J’en viens aux projets de Budget proprement dits. Je l’ai déjà dit : ce budget 2015 est un budget en équilibre. Ce n’est pas mince de le souligner, comme il n’est pas mince de rappeler que cette saine gestion a aussi des conséquences directes pour le contribuable bruxellois puisque les charges des emprunts contractés par le passé diminuent très sensiblement et permettent ainsi de financer des projets concrets, sur le terrain bruxellois, plutôt que d’enfler les dividendes versés par les banques à leurs actionnaires.

Ce Budget 2015 traduit de manière claire et précise la volonté exprimée par le Gouvernement et son Ministre-Président lors de sa récente Déclaration de politique générale de poursuivre le développement de la ville en centrant son attention transversale sur le Canal et ses environs. Nous nous en réjouissons et soutenons pleinement le Gouvernement à aller de l’avant – c’est de saison… - pour REPENSER – avec un E-  mais aussi REPANSER – avec un A-  toute cette zone qui présente d’énormes potentialités pour relever les nombreux défis qui se proposent à nous. Je l’ai dit, il y a essentiellement le Logement, l’Emploi – indissociable du développement économique-, la Mobilité et la mise à disposition d’infrastructures publiques de qualité (de la crèche jusqu’aux maisons de repos, en passant par les écoles, les terrains de sport, les maisons de jeunes, des espaces verts…)

Monsieur le Président,  Mesdames, Messieurs les Ministres, Chers Collègues,

Pour ce qui concerne le logement tout d’abord.

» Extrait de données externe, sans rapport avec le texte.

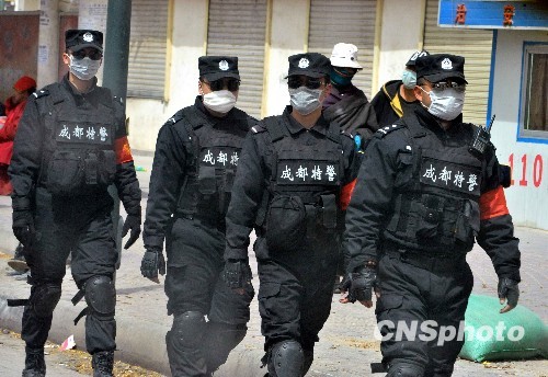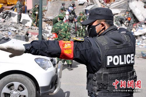 圖:成都特警在玉樹地震災(zāi)區(qū)街頭巡邏

Le groupe cdH se réjouit de l’importance du budget régional qui y est consacré. Nous tenions à souligner 5 éléments primordiaux dans cette matière. Le premier est sans aucun doute le contexte budgétaire particulier étriqué dans lequel doit désormais manœuvrer le gouvernement. Les nouvelles normes comptables européennes sont venues restreindre la marge d’action de plusieurs entités comme la SLRB et le Fonds du Logement. Le grand défi des années à venir sera d’imaginer et de trouver d’autres sources de financement pour financer ce que nous pouvions jusqu’à présent financer par l’emprunt. Nous ne doutons pas de la capacité du Gouvernement à faire preuve d’innovation et d’audace en cette matière pour permettre que soit réalisé le programme d’actions.

Le deuxième élément-clé pour notre groupe est l’allocation-loyer. Nous comprenons parfaitement le délai dans lequel celle-ci intervient même si nous regrettons la lenteur de la mise en place de l’expérience-pilote ainsi que la sous-utilisation des budgets qui y étaient alloués, qui restreignent la marge de manœuvre en 2015. Cela étant, nous accueillons avec plaisir l’engagement ferme et concret du gouvernement de la concrétiser à une plus grande échelle en 2016. Nous serons très attentifs au suivi de ce dossier plus que vital pour près de cinquante mille ménages.

Un troisième élément est l’engagement clair pris vers la création d’une AIS dédiée aux étudiants. Pour notre groupe, le système AIS a plus que fait ses preuves ces dernières années en termes de concrétisation effective du droit à un logement décent et ce, sans impacts démesurés sur les finances régionales. Nous accueillerons donc avec enthousiasme l’expérience-pilote de cette AIS spécifique, de même que le renforcement des aides au système classique.

J’ai déjà eu l’occasion de l’évoquer : la réforme fiscale tant attendue devra être le booster d’une politique à grande échelle permettant aux familles de devenir propriétaires de leur logement à Bruxelles. L’augmentation des moyens du Fonds du Logement (avec un objectif de 1.400 prêts par an) est un pas qui va dans la bonne direction et que nous soutenons fermement.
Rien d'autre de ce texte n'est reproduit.